25. This issue is without doubt difficult. It plainly raises important issues,
touching as it does upon the ability of liability insurers, in contracts governed
by the Act, to restrict the extent to which retroactive cover is given (that is,
cover for claims which arise from acts which occur before the making of the
contract). Nonetheless, as matters currently stand, the point must be regarded
as reasonably arguable.
26. Of course, even if exclusion 4.1(d) was not available to Ace in this case, it
may well be able to rely, as against innocent directors, upon failures by the
insured to comply with the duty of disclosure. Even if no fraudulent non-
disclosure was established Ace would be in a very strong position to contend
that had Mr Richards activities been disclosed it would have either declined
to give any cover at all, or imposed a specific exclusion, such that any liability
it would otherwise have for claims arising out of such conduct should be
reduced to nil (see s28(3) of the Act).
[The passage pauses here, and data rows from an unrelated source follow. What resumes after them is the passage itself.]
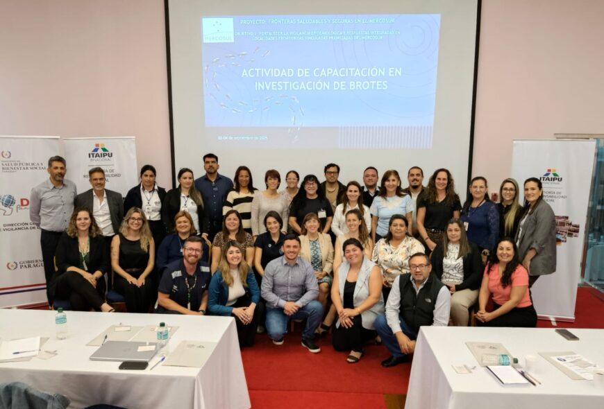 Del 2 al 4 de septiembre se lleva adelante el Taller de Capacitación en Investigación de Brotes, en el marco del proyecto Fronteras Saludables y Seguras del MERCOSUR. Esta actividad forma parte del Objetivo 1 del proyecto: fortalecer la vigilancia epidemiológica y las respuestas integradas en localidades fronterizas priorizadas del bloque regional.
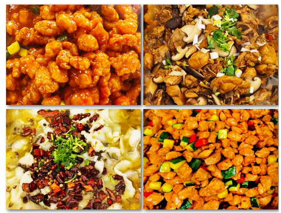 The buffet features a variety of regional specialties, including popular dishes such as sweet and sour pork, fried pork in scoop (known as Guobaorou), boiled spicy fish fillet, and Kung Pao chicken.
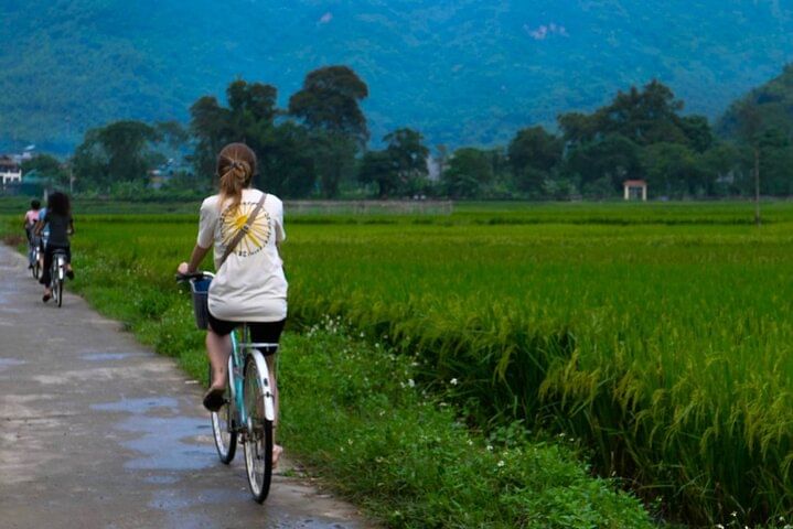 Overnight trip from Hanoi to Mai Chau with village visits, mountain walks, local meals, and a stay in a bungalow or stilt house amid peaceful rice fields.
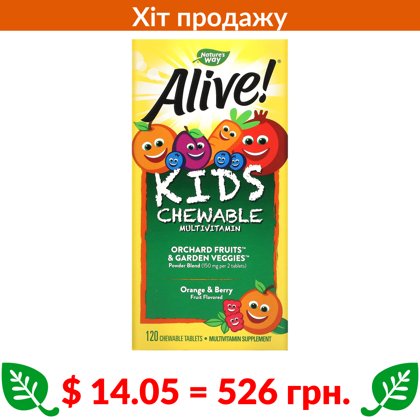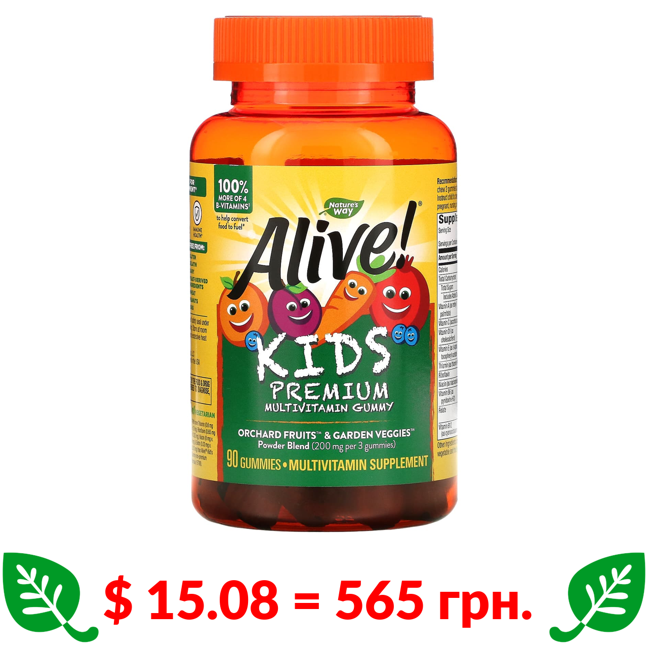 $ 15.08 = 565 грн. ????️ у кошику ????️ Nature’s Way, Alive!, мультивітаміни преміальної якості для дітей, вишня, апельсин і виноград, 90 жувальних таблеток

The question whether such defences
would be available as against innocent directors is beyond the scope of that
which I have been asked to consider, but I note that it may depend upon
whether they are regarded as parties to the contract (or merely persons with
rights under s48 of the Act7), and upon the effect of General Condition 6.9.
10 June 2011
Chambers RJH DARKE SC
Liability limited by a scheme approved under Professional Standards Legislation
7 See CE Heath Casualty & General Insurance Limited v Grey (1993) 32 NSWLR 25.